What is expected
The answer is to be an exact copy of the lines below running from the line with "I was messing" down to the line with "Women's half-zip sweatshirt", both ends included, and nothing more.

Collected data
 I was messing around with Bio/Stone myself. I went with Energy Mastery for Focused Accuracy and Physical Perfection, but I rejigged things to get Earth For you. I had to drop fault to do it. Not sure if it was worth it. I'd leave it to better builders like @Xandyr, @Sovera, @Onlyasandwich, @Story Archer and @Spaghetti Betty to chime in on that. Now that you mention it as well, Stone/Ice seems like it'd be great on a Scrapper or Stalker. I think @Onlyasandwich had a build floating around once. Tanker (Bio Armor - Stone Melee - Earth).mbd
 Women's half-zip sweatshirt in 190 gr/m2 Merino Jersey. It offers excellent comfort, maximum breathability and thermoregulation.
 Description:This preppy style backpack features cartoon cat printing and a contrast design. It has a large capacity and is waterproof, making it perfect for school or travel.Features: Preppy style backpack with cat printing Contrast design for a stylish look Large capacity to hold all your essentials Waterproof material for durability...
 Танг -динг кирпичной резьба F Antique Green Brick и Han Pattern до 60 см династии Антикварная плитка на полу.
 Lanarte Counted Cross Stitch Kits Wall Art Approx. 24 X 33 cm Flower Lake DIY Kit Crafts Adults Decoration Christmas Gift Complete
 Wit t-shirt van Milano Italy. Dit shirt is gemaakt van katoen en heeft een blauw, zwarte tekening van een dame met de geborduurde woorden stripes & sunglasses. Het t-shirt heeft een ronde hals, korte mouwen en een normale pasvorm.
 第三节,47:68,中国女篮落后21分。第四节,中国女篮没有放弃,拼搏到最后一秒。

---

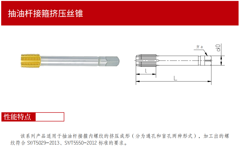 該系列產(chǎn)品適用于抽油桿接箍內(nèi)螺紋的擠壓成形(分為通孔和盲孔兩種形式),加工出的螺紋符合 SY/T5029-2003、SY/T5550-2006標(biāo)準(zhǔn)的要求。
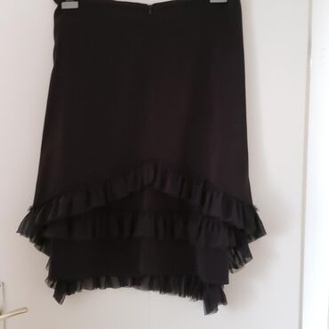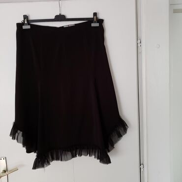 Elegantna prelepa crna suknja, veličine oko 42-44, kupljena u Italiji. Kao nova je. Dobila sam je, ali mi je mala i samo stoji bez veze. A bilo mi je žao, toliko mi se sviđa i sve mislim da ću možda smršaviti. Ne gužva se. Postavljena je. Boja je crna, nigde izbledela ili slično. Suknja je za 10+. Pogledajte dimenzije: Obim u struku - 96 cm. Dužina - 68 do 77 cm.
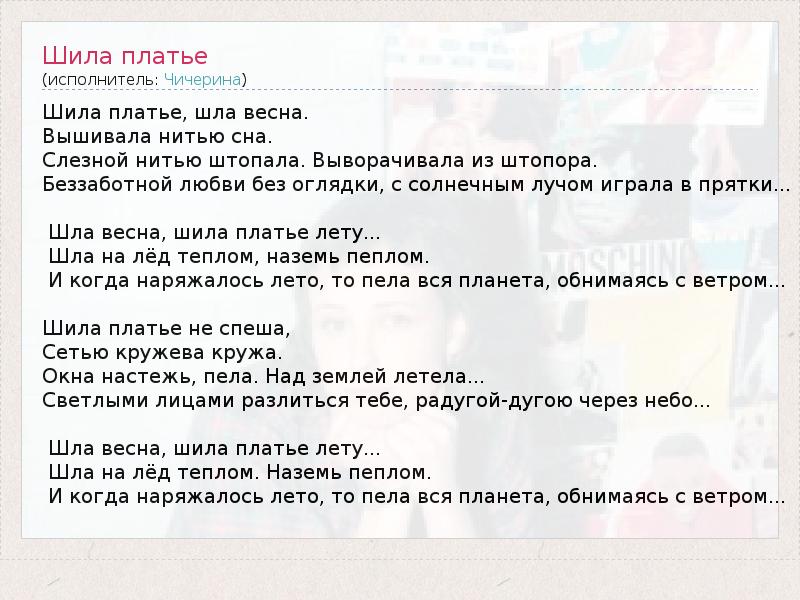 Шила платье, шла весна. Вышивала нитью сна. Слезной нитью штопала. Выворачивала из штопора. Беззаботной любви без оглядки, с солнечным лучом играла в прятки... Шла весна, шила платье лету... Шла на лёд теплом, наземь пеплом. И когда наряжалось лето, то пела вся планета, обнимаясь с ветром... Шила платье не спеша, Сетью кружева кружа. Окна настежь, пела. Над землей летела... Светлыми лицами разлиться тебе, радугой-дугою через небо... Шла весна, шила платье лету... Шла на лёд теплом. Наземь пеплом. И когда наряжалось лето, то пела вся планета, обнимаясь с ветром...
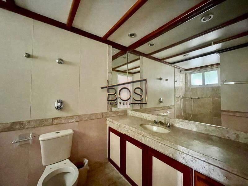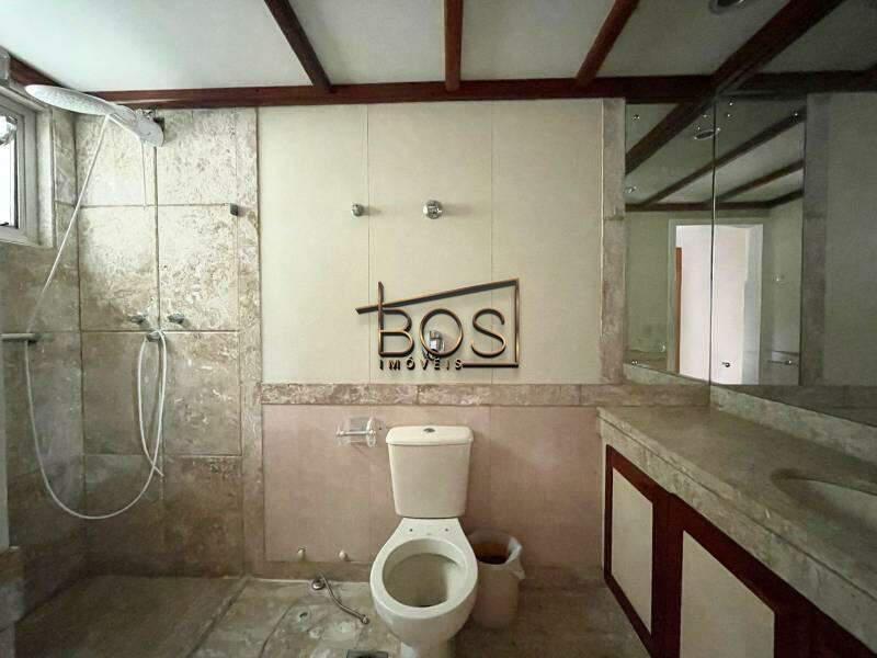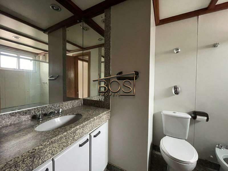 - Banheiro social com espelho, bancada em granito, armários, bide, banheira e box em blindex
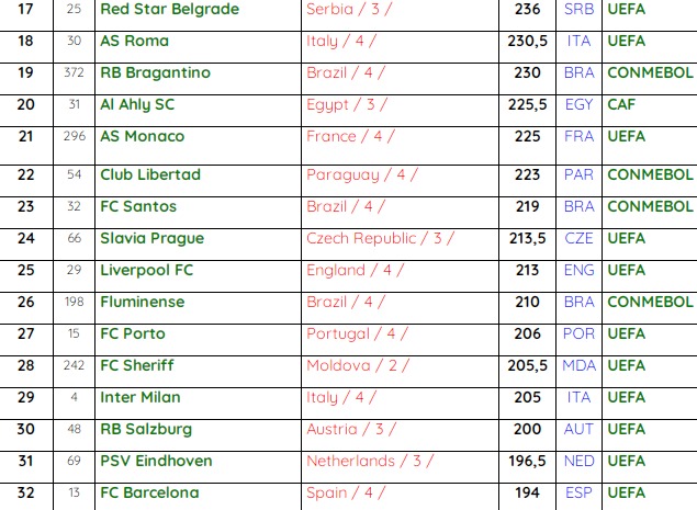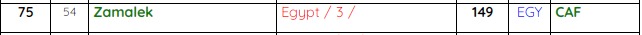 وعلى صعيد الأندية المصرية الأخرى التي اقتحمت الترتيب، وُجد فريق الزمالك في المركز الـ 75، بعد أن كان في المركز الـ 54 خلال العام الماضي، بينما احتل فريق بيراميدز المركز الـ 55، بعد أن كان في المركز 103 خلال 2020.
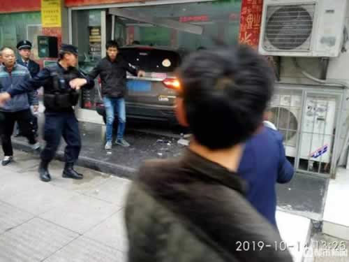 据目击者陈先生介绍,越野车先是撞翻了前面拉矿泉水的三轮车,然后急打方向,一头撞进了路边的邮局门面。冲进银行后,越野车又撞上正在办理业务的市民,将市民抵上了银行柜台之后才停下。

Result below
 I was messing around with Bio/Stone myself. I went with Energy Mastery for Focused Accuracy and Physical Perfection, but I rejigged things to get Earth For you. I had to drop fault to do it. Not sure if it was worth it. I'd leave it to better builders like @Xandyr, @Sovera, @Onlyasandwich, @Story Archer and @Spaghetti Betty to chime in on that. Now that you mention it as well, Stone/Ice seems like it'd be great on a Scrapper or Stalker. I think @Onlyasandwich had a build floating around once. Tanker (Bio Armor - Stone Melee - Earth).mbd
 Women's half-zip sweatshirt in 190 gr/m2 Merino Jersey. It offers excellent comfort, maximum breathability and thermoregulation.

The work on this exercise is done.